How Faith-Based Organizations Can Create a Culture of Encounter with People Seeking Refuge

Geneva, 19 December 2019 - From theater plays performed by refugees to publishing fairy tales written by refugees to creating support groups for asylum-seekers, faith-based organizations are engaged in many different ways to create a culture of encounter for people seeking refuge.

Policy Officer Mantalin Kyrou announced ICMC’s pledge to provide resettlement experts to assist the UN Refugee Agency and governments wishing to scale up their resettlement programs. Resettlement is a life-saving solution for many vulnerable refugees. On 16 December, on the eve of the first-ever Global Refugee Forum, faith-based organizations met in Geneva to discuss how to best assist refugees and support their integration into host communities.
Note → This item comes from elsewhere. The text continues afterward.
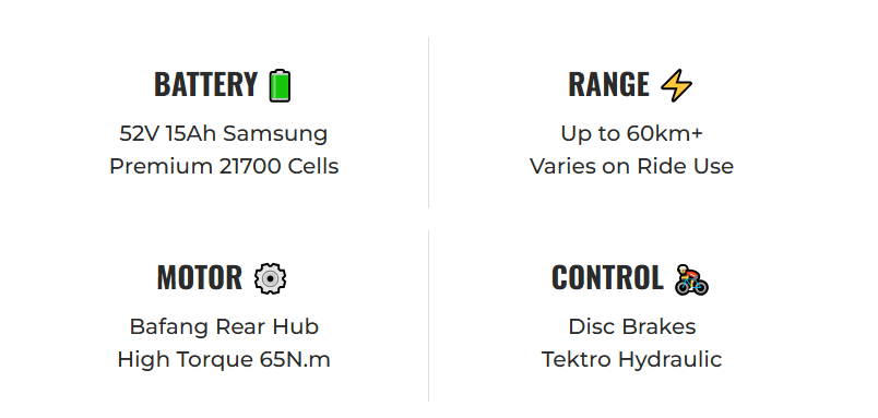 Under the hood, the ACE-X STREET doesn’t just look good—it performs. Featuring a High Torque Bafang Rear Hub Motor, Shimano 7-Speed Derailleur, and Tektro Hydraulic Disc Brakes, this bike is built to handle whatever the streets throw your way. The 20x4” Schwalbe Supermoto tyres provide superior grip and comfort, while the custom Master Control Unit optimises power delivery for an effortless ride.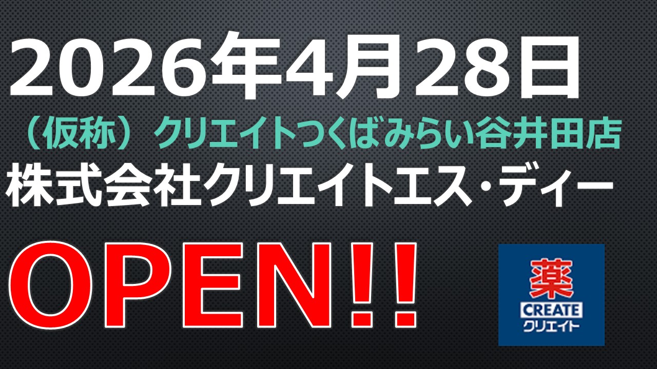 OPEN!【2026年4月28日】(仮称)クリエイトつくばみらい谷井田店

During the meeting, International Catholic Migration Commission Policy Officer Mantalin Kyrou presented the pledge at the Forum: a promise to assist the UN Refugee Agency (UNHCR) and governments with refugee resettlement.

Ms. Kyrou highlighted the magnitude of needs in 2019: 1.4 million refugees were in need of resettlement, but only 55,000 were resettled to third countries.

By providing experts that can be deployed worldwide on short notice, ICMC facilitates resettlement activities throughout the world. These experts, part of the ICMC-UNHCR Deployment Scheme roster of over 500 professionals, are specialized in resettlement, child protection, and gender-based violence protection and prevention. They work to identify refugees who are most at risk and for whom resettlement is the only durable solution.

ACT Alliance’s Migration and Displacement Program Manager Christian Wolfe emphasized the importance of increasing resettlement and complementary admission pathways for refugees.

Mr. Wolfe also underlined the need for better planning to find local solutions in countries that host large numbers of refugees. Although this is an important part of the Forum’s objectives, few details have been set forth as to how to proceed so that host countries have sufficient support when taking responsibility for these refugees.

Aloysius John, Secretary General of Caritas Internationalis, referred to Pope Francis’ 2017 Ted Talk. In that message, the Holy Father put responsibility for the future not only in the hands of politicians, leaders, and companies, but, first and foremost, in the actions of individuals from the grassroots, who recognize each other’s dignity and work to create spaces for encounter.

Tearing down barriers to integration

In Greece, Caritas Hellas founded a refugee theater group that presented the ancient Greek play The Odyssee, the story of a refugee king who attempts to return home after a 10-year war. Locals were touched to see newcomers performing in Greek. The result was an exceptional space for encounter. ©Caritas Hellas

Two examples of such initiatives are found in the work of Caritas Hellas in Greece and Caritas Sofia in Bulgaria.

Christy Tsantioti of Caritas Hellas explained that learning the local culture was an essential aspect of integration. One millennial form of Greek culture is theater. Caritas Hellas created a refugee theater group that presented The Odyssee.

“The group of refugees related to the Greek story of a refugee king who attempts to return home after a 10-year war,” explained Chalil Alizada, coordinator of the acting group and an ex-refugee. As for the locals, they were touched to see newcomers performing their folkloric play in Greek – a language some struggled to speak. The result was the creation of an exceptional space for encounter between locals and refugees and a beautiful example of using art for social inclusion.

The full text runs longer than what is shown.